### GIVEN DATA
[Start of section]
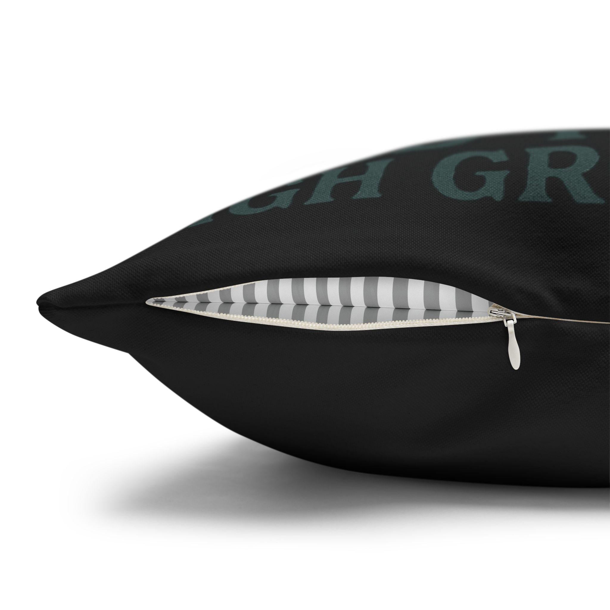 A cozy square poly canvas pillowcase printed front and back with a hand-drawn mountain scene and the phrase “Find Your High Ground.” The muted teal and cream palette sits on a deep charcoal background, bringing a calm, outdoorsy vibe to sofas, reading nooks, and camper bunks. The fine-weave polyester canvas has a soft yet structured feel that holds the art’s crisp lines and vintage-style texture. The zipper is discreet and metal, keeping the look seamless while making the cover easy to remove for spot cleaning. This pillowcase is for anyone who finds peace on trails, craves cabin-style accents, or wants a quiet reminder to seek higher ground in everyday life.
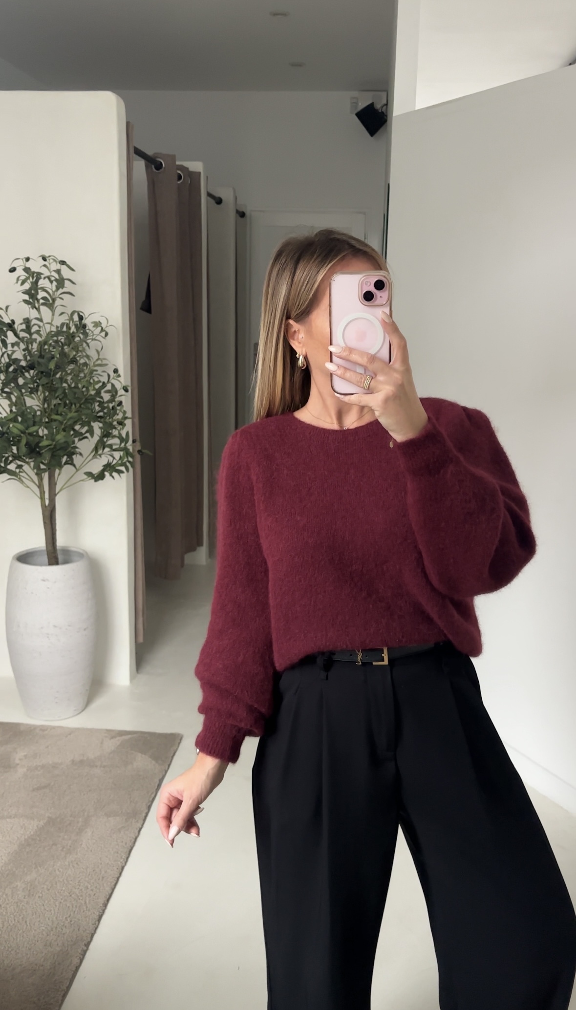 Ce pull bordeaux avec épaulettes apporte une touche moderne et structurée à votre garde-robe. Les épaulettes ajoutent du caractère à cette pièce, tout en restant élégantes et minimalistes. Confortable et stylé, il s’adapte parfaitement à un look casual chic ou plus habillé, selon vos envies.
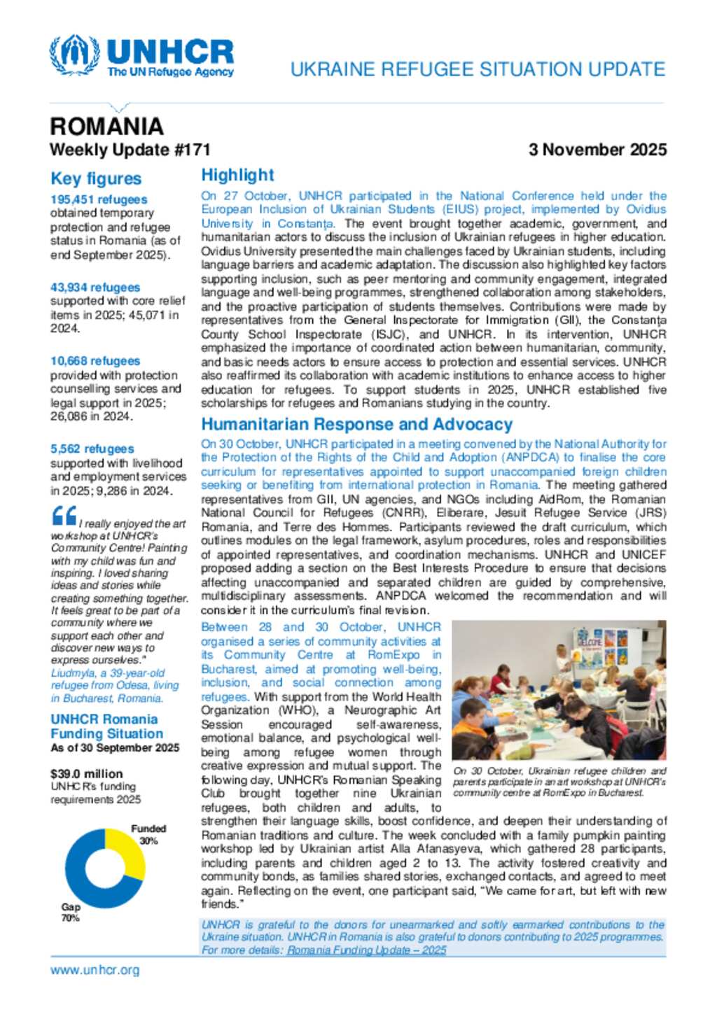 UNHCR Romania Ukraine Refugee Situation Update - 3 November 2025
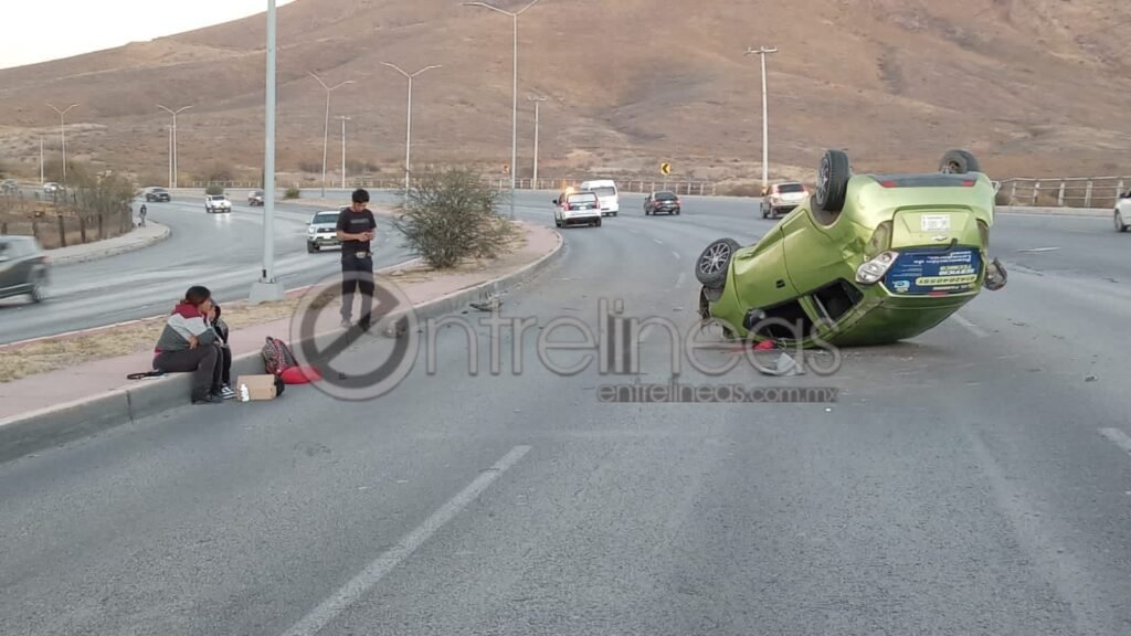 La tarde de este jueves, una familia que viajaba a bordo de un vehículo Chevrolet Spark, color verde, sufrió un aparatoso accidente cuando circulaba por el periférico R. Almada en sentido de este a oeste.
[End of section]
### WHAT IS EXPECTED
The listing above needs to be output again exactly. Don't include the pictures.

### RESPONSE TO THE TASK
 A cozy square poly canvas pillowcase printed front and back with a hand-drawn mountain scene and the phrase “Find Your High Ground.” The muted teal and cream palette sits on a deep charcoal background, bringing a calm, outdoorsy vibe to sofas, reading nooks, and camper bunks. The fine-weave polyester canvas has a soft yet structured feel that holds the art’s crisp lines and vintage-style texture. The zipper is discreet and metal, keeping the look seamless while making the cover easy to remove for spot cleaning. This pillowcase is for anyone who finds peace on trails, craves cabin-style accents, or wants a quiet reminder to seek higher ground in everyday life.
 Ce pull bordeaux avec épaulettes apporte une touche moderne et structurée à votre garde-robe. Les épaulettes ajoutent du caractère à cette pièce, tout en restant élégantes et minimalistes. Confortable et stylé, il s’adapte parfaitement à un look casual chic ou plus habillé, selon vos envies.
 UNHCR Romania Ukraine Refugee Situation Update - 3 November 2025
 La tarde de este jueves, una familia que viajaba a bordo de un vehículo Chevrolet Spark, color verde, sufrió un aparatoso accidente cuando circulaba por el periférico R. Almada en sentido de este a oeste.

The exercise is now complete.